- Exercise goal
Please set down the data word for word; images do not go in the copy.

- Collected data
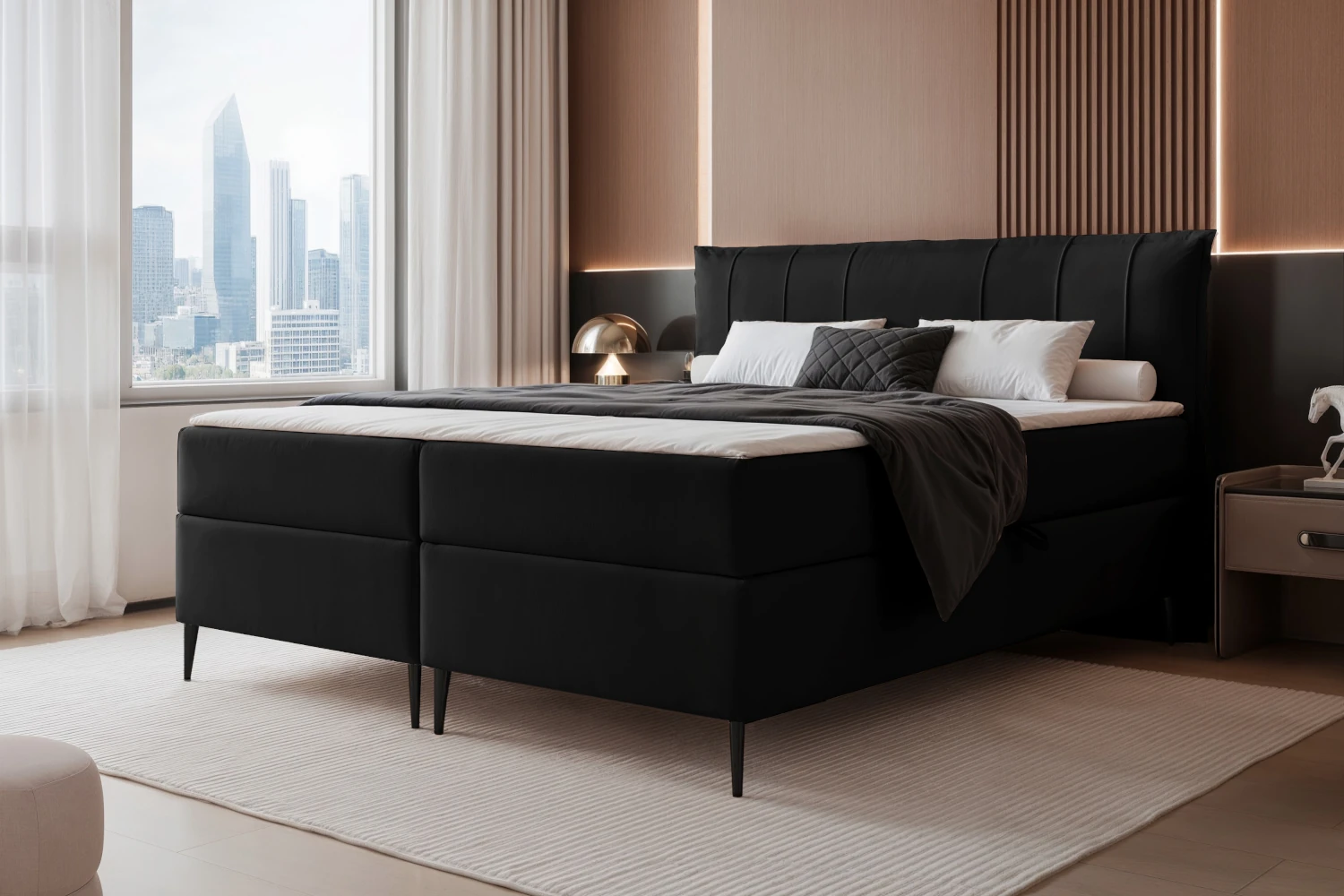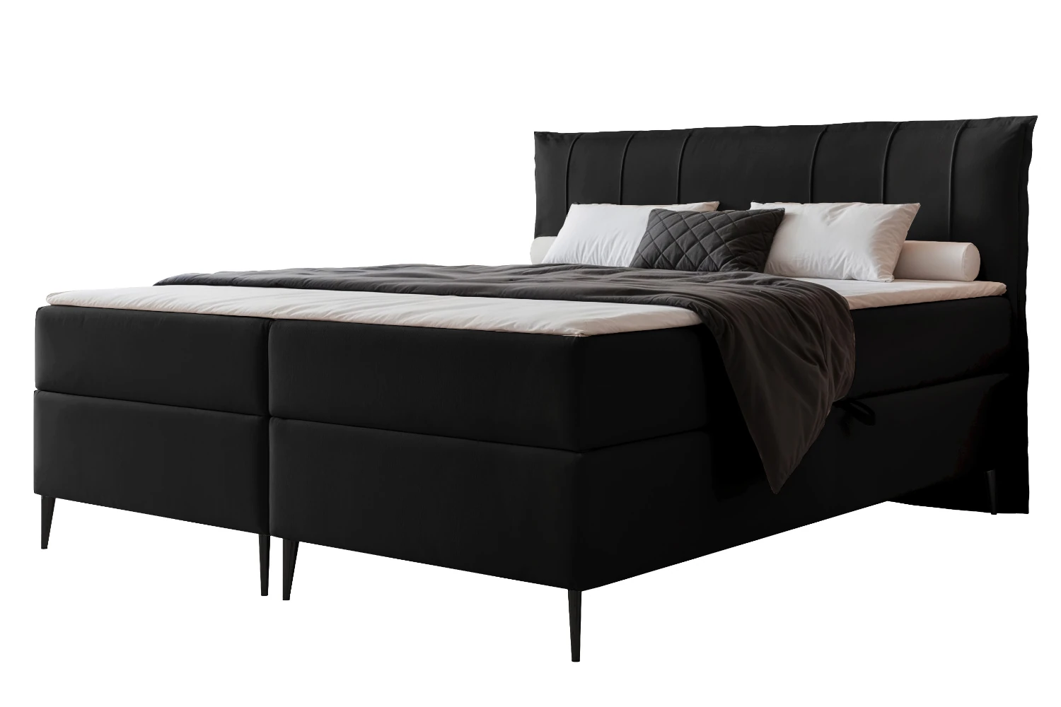 Łóżko kontynentalne z nóżkami i pojemnikiem na pościel Vertico Czarny
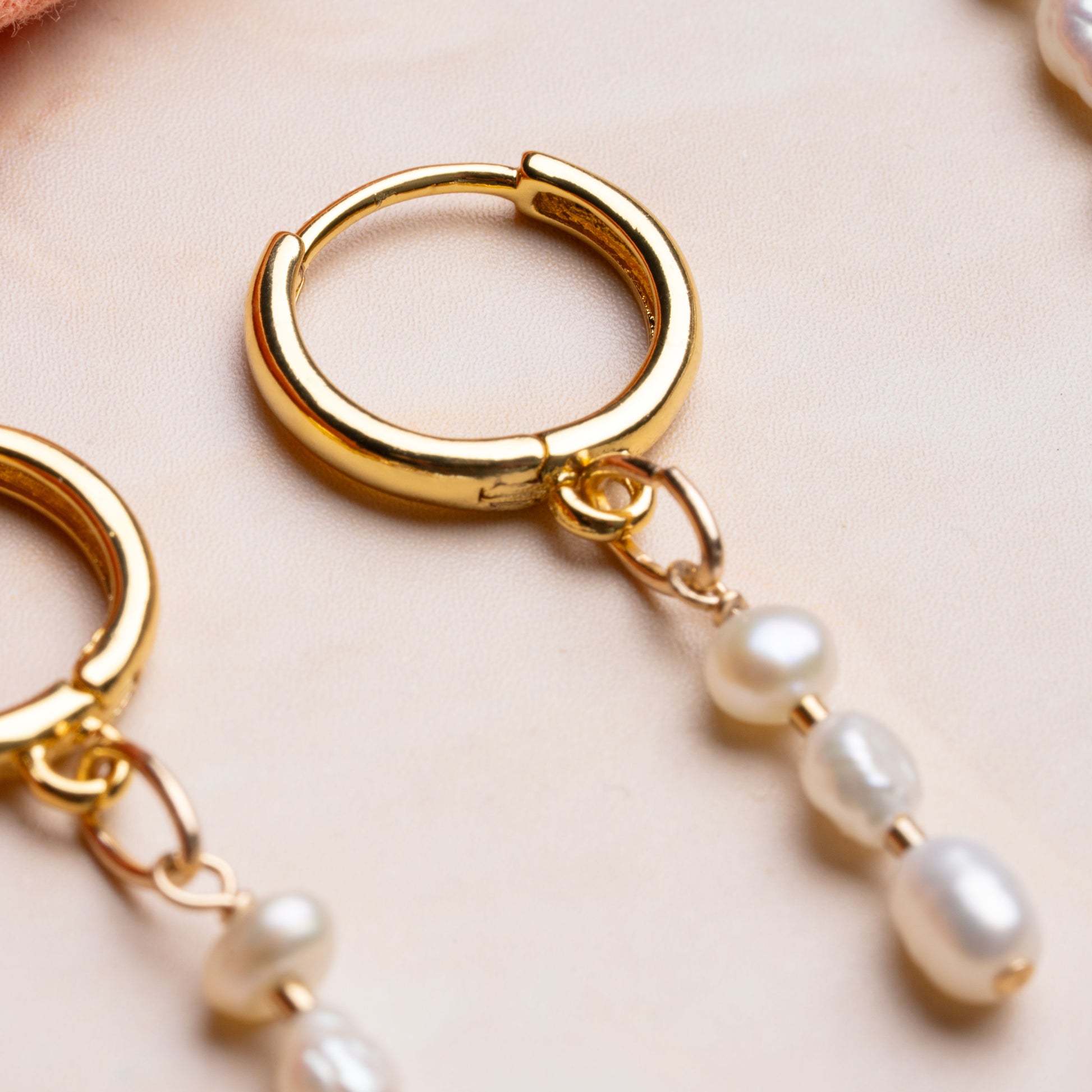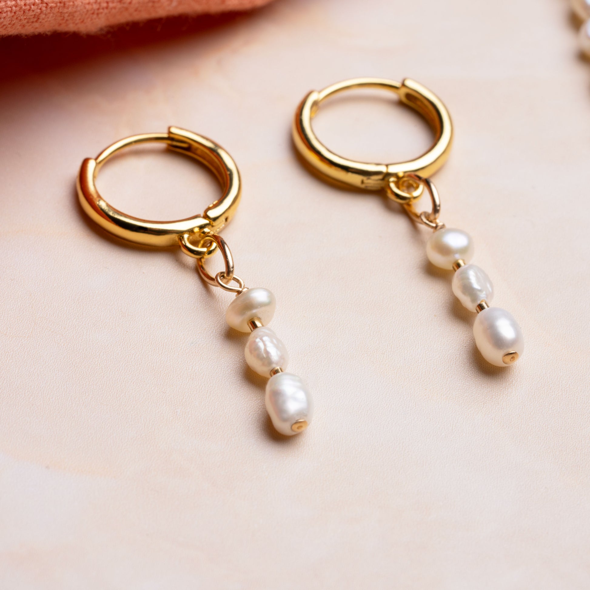 Three freshwater rice pearls combined with 14k gold-filled findings drop from simple hoops, elevating any daily style in an instant. Due to the natural pearl materials, no two pieces will be alike.
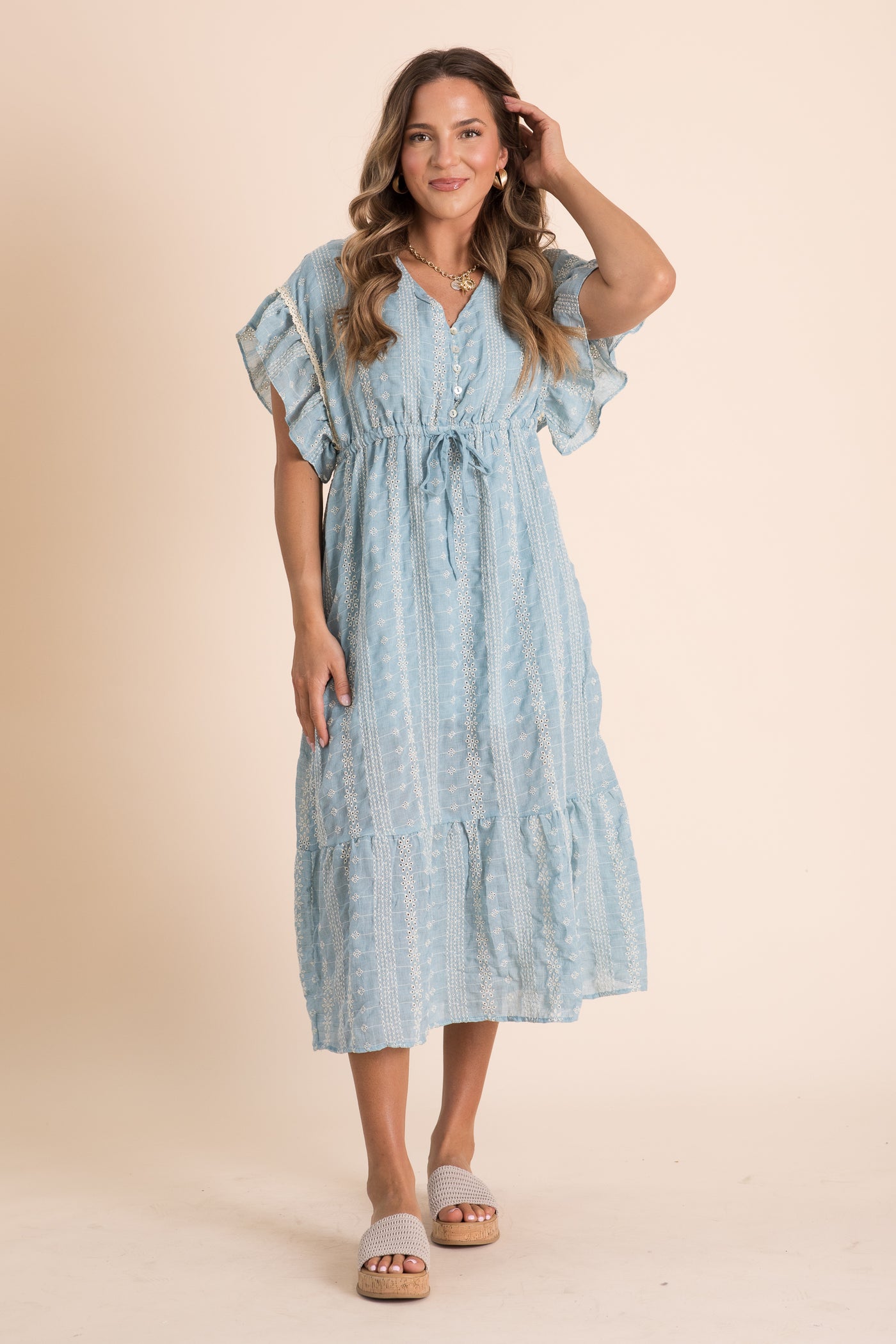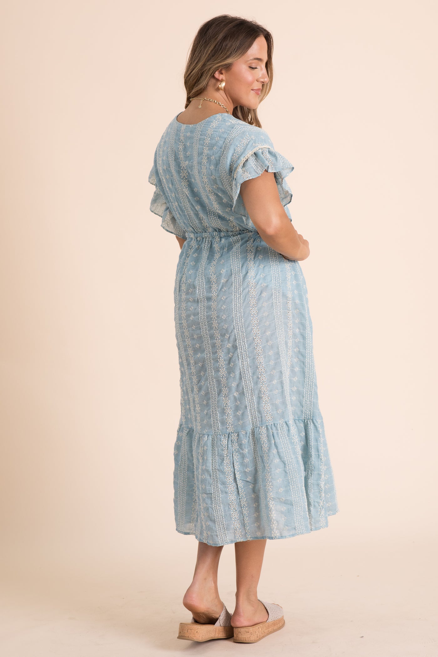 Dusty Blue Embroidered Boho Ruffled Midi Dress
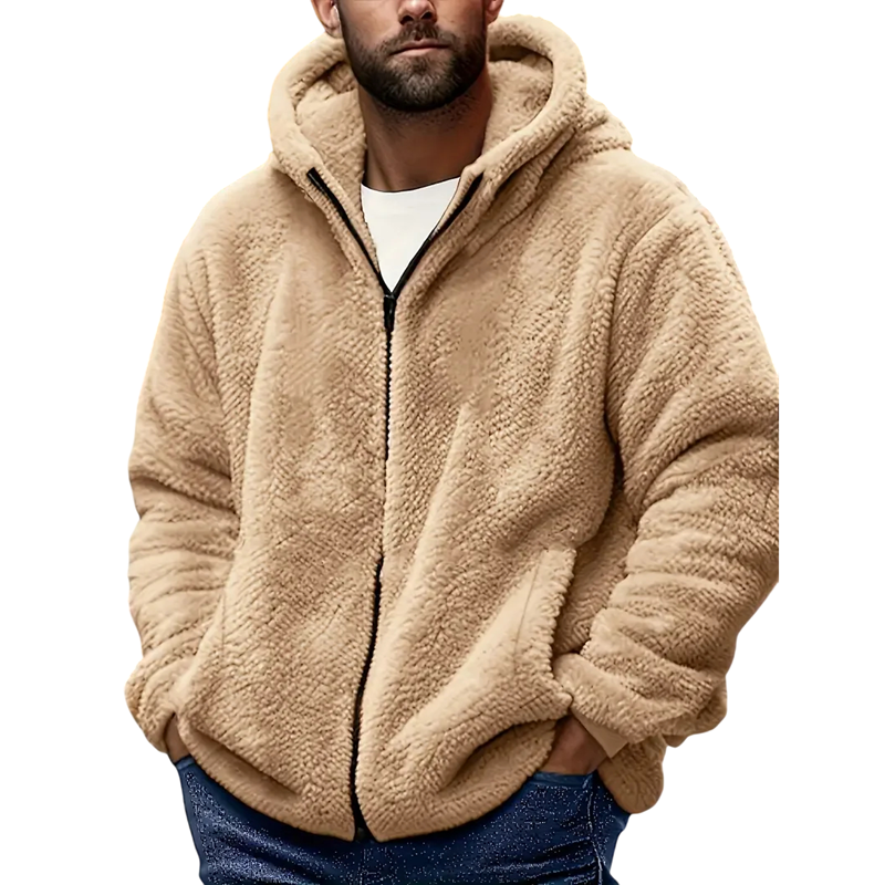 Varm herr vinterjacka i plyschpolyester med hög krage, fickor och dragkedja. Bekväm mjuk design lämplig för vardagligt bruk under kalla perioder. Fullständig beskrivning

- Worked solution
 Łóżko kontynentalne z nóżkami i pojemnikiem na pościel Vertico Czarny
 Three freshwater rice pearls combined with 14k gold-filled findings drop from simple hoops, elevating any daily style in an instant. Due to the natural pearl materials, no two pieces will be alike.
 Dusty Blue Embroidered Boho Ruffled Midi Dress
 Varm herr vinterjacka i plyschpolyester med hög krage, fickor och dragkedja. Bekväm mjuk design lämplig för vardagligt bruk under kalla perioder. Fullständig beskrivning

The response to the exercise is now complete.